Dear Statalist users,
Some time ago, when I was about to graduate from university, I attended a virtual course on working with household survey data. In that course, the instructor shared some code using the `rangestat` command, but unfortunately, it wasn't explained in detail.
What confused me is that `rangestat` was used in a way that seemed equivalent to the `match()` function in R, or the `MATCH()` function in Excel. I have read the documentation for `rangestat`, and I can't figure out how it is supposed to replicate that kind of functionality.

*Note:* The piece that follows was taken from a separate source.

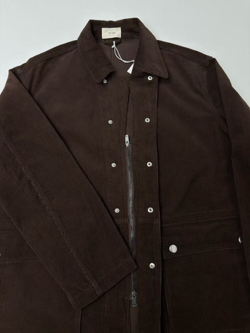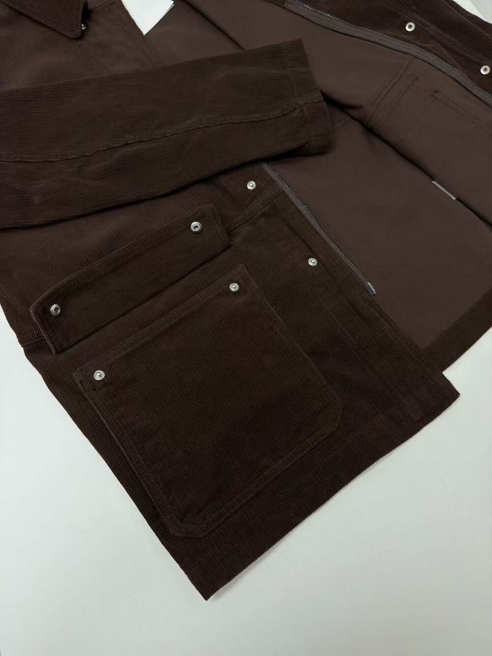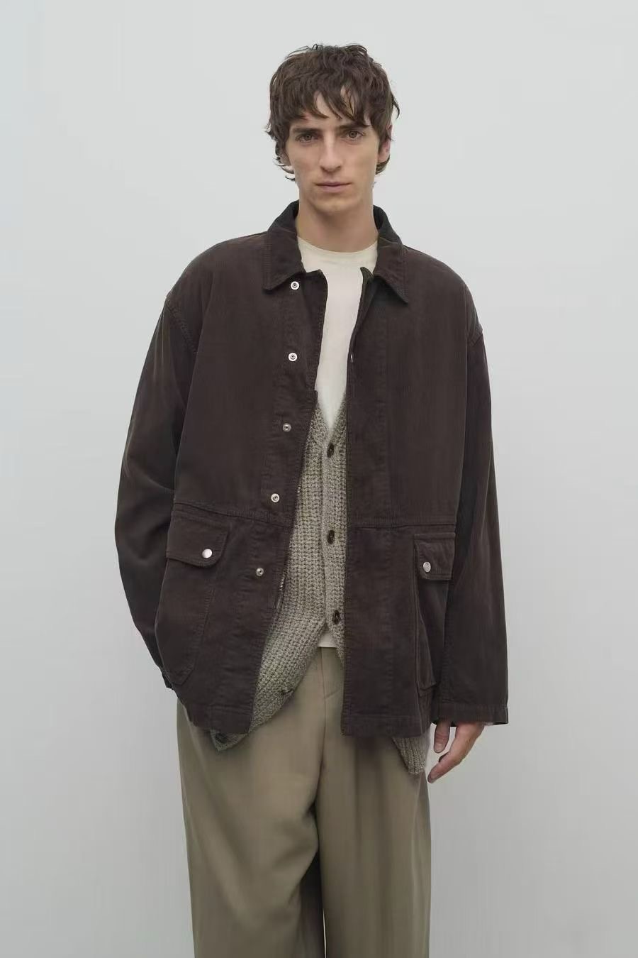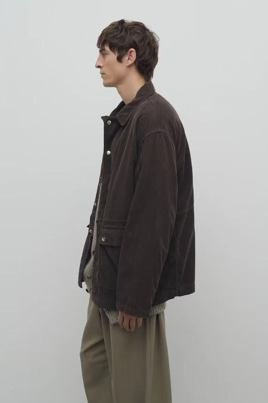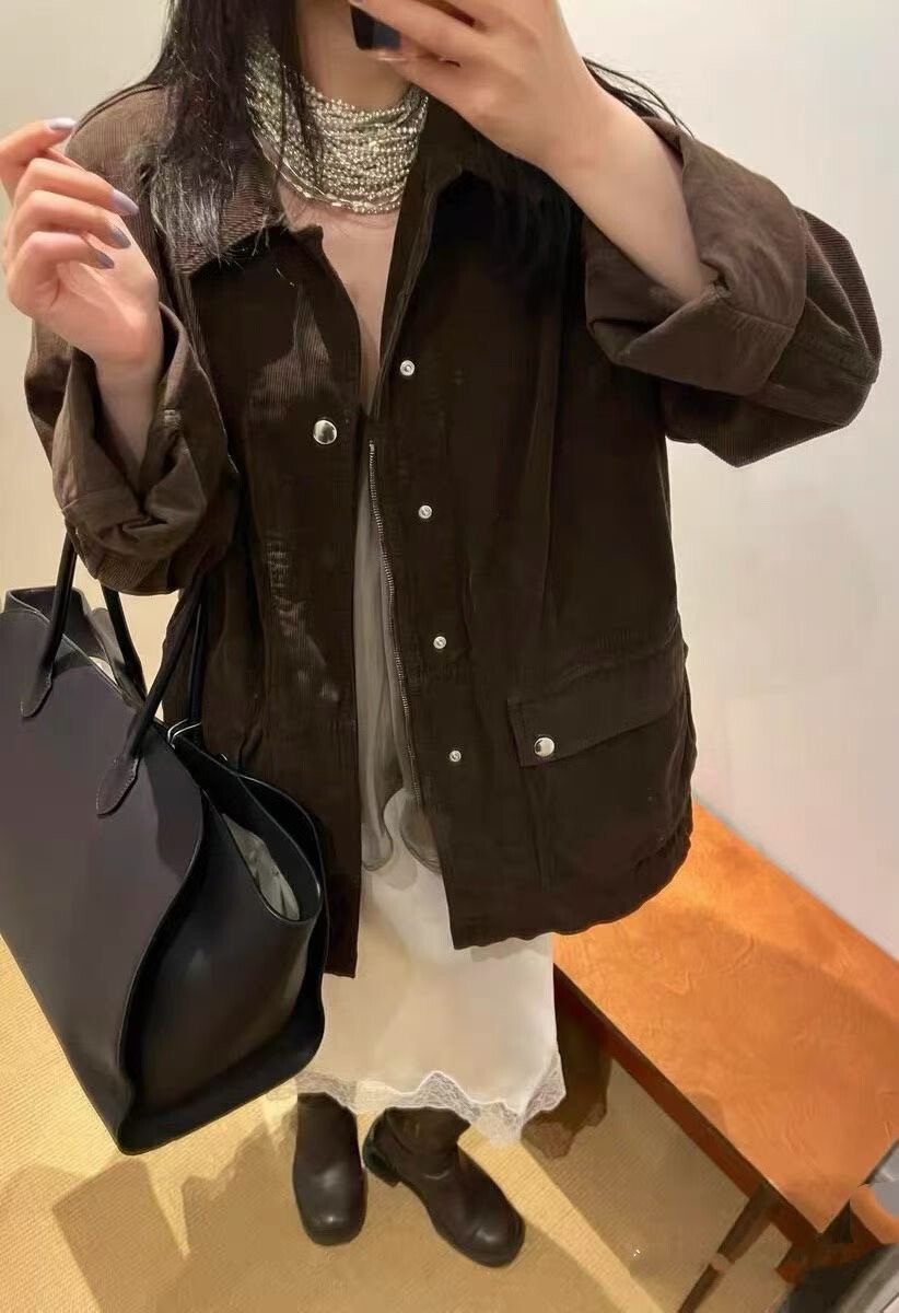 일본산 코튼 코듀로이 소재로 제작된 아웃도어 재킷으로, 앞면에 패치 포켓이 있으며 스냅 버튼과 지퍼로 여닫는 히든 플래킷(덮개 여밈) 디테일이 적용되어 있습니다.

I'm not sure if I misunderstood something or if there is a specific use case that allows for this behavior.
For context, here is what each variable represents:
- `DIRECTORIO`: unique dwelling identifier (each physical housing unit).
- `SECUENCIA_P`: household number within the dwelling (in some cases, more than one household lives in the same housing unit).
- `ORDEN`: the person number or ID within the household (e.g., the household head is usually 1).
- `P6040`: the age of the person.
- `P1134S1A1`: the `ORDEN` number of the household member that this person helps to dress (i.e., caregiving relationship).
In other words, for each person in the dataset, `P1134S1A1` refers to another member of the *same household*, and the goal is to retrieve that person’s age (`P6040`) and assign it to a new variable.
Below, I provide a minimal example of my dataset and the code used, so I can better understand how `rangestat` is functioning in this context.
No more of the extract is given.